Flu crisis 'to double in intensity' as Taoiseach criticised for lack of action on hospital beds
Doctors and opposition TDs have rounded on Taoiseach Leo Varadkar as it emerged the number of patients lingering on trolleys is 10pc higher than this time last year.
As the health crisis threatens to disrupt the new school term, it was claimed last night that parents have not been issued clear advice over whether to keep their children at home.
The Irish Nurses and Midwives Organisation (INMO) yesterday said it has recorded a record 2,408 patient on trolleys during the first week of 2018.
This marks an increase of 221 - around 10pc - on the same period in 2017.
Experts are now warning that the crisis will only get worse, as tens of thousands of children return to school following the Christmas break.
The HSE's assistant national director Dr Kevin Kelleher said the crisis will "double in intensity" over the next fortnight.
However, he said we have not reached a point whereby school closures will be ordered.
Dr Kelleher said children and adults who are in the early stages of the illness - such as "feeling off", with a runny nose or watery eyes - are also infectious and should stay at home.
"There are two types of the flu virus, and to have them circulating in equal proportions would not be common," he told the Herald.
"We have the A and the B types now and that is why young people as well as older generations are getting sick."
Asked if there are more children suffering from the flu this year, he said GPs were seeing an increase in the numbers of younger people with the virus.
The public perception that the flu is more widespread this year was borne out by his observations based on evidence from doctors around the country.
Embattled Health Minister Simon Harris spent yesterday speaking to hospital managers before children return to school.
Last night, opposition TDs rounded on the Government over its alleged failure to provide guidelines to parents.
Fianna Fail children's spokesperson Anne Rabbitte questioned the role of the Strategic Communications Unit (SCU), which she labelled a "spin unit".
"Five million euro was pumped into this unit but it appears to be doing nothing in relation to communicating to parents over this crisis," the Galway East TD told the Herald.
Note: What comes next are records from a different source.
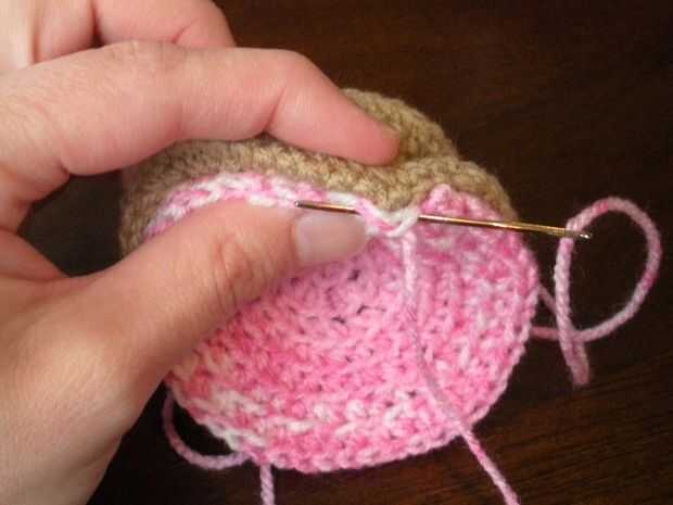Paso 3: Coser la guinda en la parte superior de la torta base con un poco de hilo en color guinda. Para asegurarse de que sus puntos son invisibles desde la parte inferior de la Magdalena, coser a través de sólo la guinda y alrededor 15 de la base del pastel como se muestra a continuación. Coser todo alrededor dejando aproximadamente una pulgada de hielo plegada de modo que usted puede rellenar el cupcake.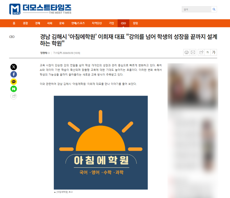 안녕하세요, 아침에학원입니다. 최근 저희 학원이 언론사 더모스트타임즈에 소개되었습니다. 이번 기사에서는 기존의 단순 강의 중심 학원이 아닌, 학생의 성장과 관리에 집중하는 교육 시스템을 운영하는 학원으로 다뤄졌습니다. 아침에학원은 학생 개개인의 학습 데이터를 기반으로 ✔ AI 분석 ✔ 맞춤형 학습 설계 ✔ 지속적인 관리 를 통해 학생마다 다른 수준과 속도에 맞는 교육을 진행하고 있습니다. 또한 ✔ 과목별 맞춤 학습 시스템 ✔ 수업 녹화 및 복습 지원 ✔ 질문·답변 관리 시스템 을 통해 학생들이 혼자 공부하는 것이 아니라 끝까지 관리받는 학습 환경을 제공합니다. 아침에학원이 추구하는 방향은 명확합니다. ....... <img src="https://blogthumb.pstatic.net/MjAyNjAzMzFfMjk4/MDAxNzc0OTYxOTM4Nzk3.rYG82BP5FmuCpn-eRNZgui1figPB_m-jxDHAp5wtbakg.Ku_mbkuOIQ40jU1ft__q4adNB65GaGzoaQ7A1WXlSMUg.PNG/image.png?type=s3" />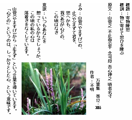巻12-3055:山菅の止まずて君を思へかも我が心どのこの頃はなき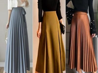 प्लीटेड स्कर्ट्स आणि टॉप दिसायला क्लासी आणि एलिगंट दिसतात. हे वेगवेगळ्या लांबीमध्ये आणि रंगांमध्ये येतात, ज्यामुळे ऑफिस लुकला एक फॉर्मल पण फॅशनेबल टच मिळतो.
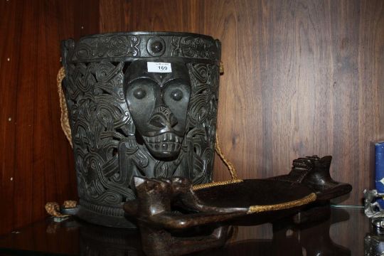 AN INDONESIAN TRIBAL ART DAYAK BORNEO BABY CARRIER TOGETHER WITH A TWIN HANDLED TREEN BOWL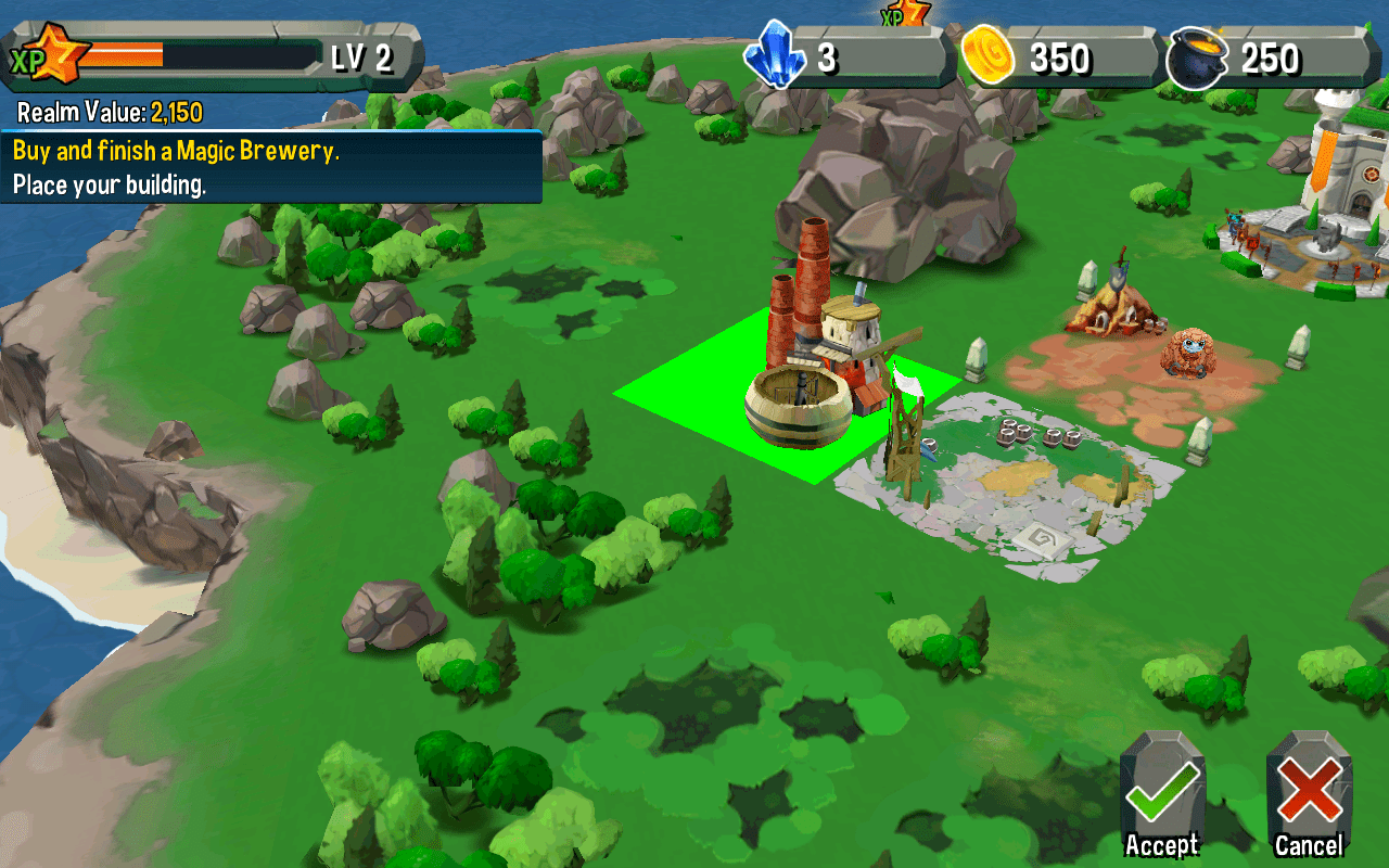 Die Spiel-Engine von Giant Realms arbeitet nach dem Echtzeit-Prinzip. Das bedeutet, dass der Bau komplexerer Strukturen schon mal einige Minuten in Anspruch nimmt – während dieser Zeit kannst du mit dem Handy aber wie gewohnt weiterarbeiten. Alternativ ist es möglich, den Bauprozess durch das Investieren eines Diamanten sofort zu beenden. Diese sind durch In-App-Purchase erhältlich und finanzieren die weitere Entwicklung des Titels.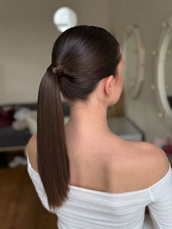 Високий або низький хвіст з ідеально пригладженим волоссям має професійний та фотогенічний вигляд.

"The other departments also need to step up here. I've seen very little presence on the likes of Facebook and Twitter and that isn't good enough.
"We have a situation where children are lying on trolleys. This crisis could have a ripple effect if not handled correctly."
Labour Party health spokesperson Alan Kelly also called for more information.
"Parents need peace of mind that their children won't be exposed to the risk of catching the flu from other children who may be showing signs of the virus," Mr Kelly said.
A spokeswoman for Education Minister Richard Bruton said advice to parents is available on its website and that any decision in relation to school closures is up to individual boards of management.
The Children's Hospital Group has said that children who gets flu-like symptoms should stay at home, rest and drink plenty of fluids.
"If parents are worried about their child's breathing or fluid intake, or if any young child or infant is in one of the high-risk groups and develops flu-like symptoms, they should contact their GP," it added.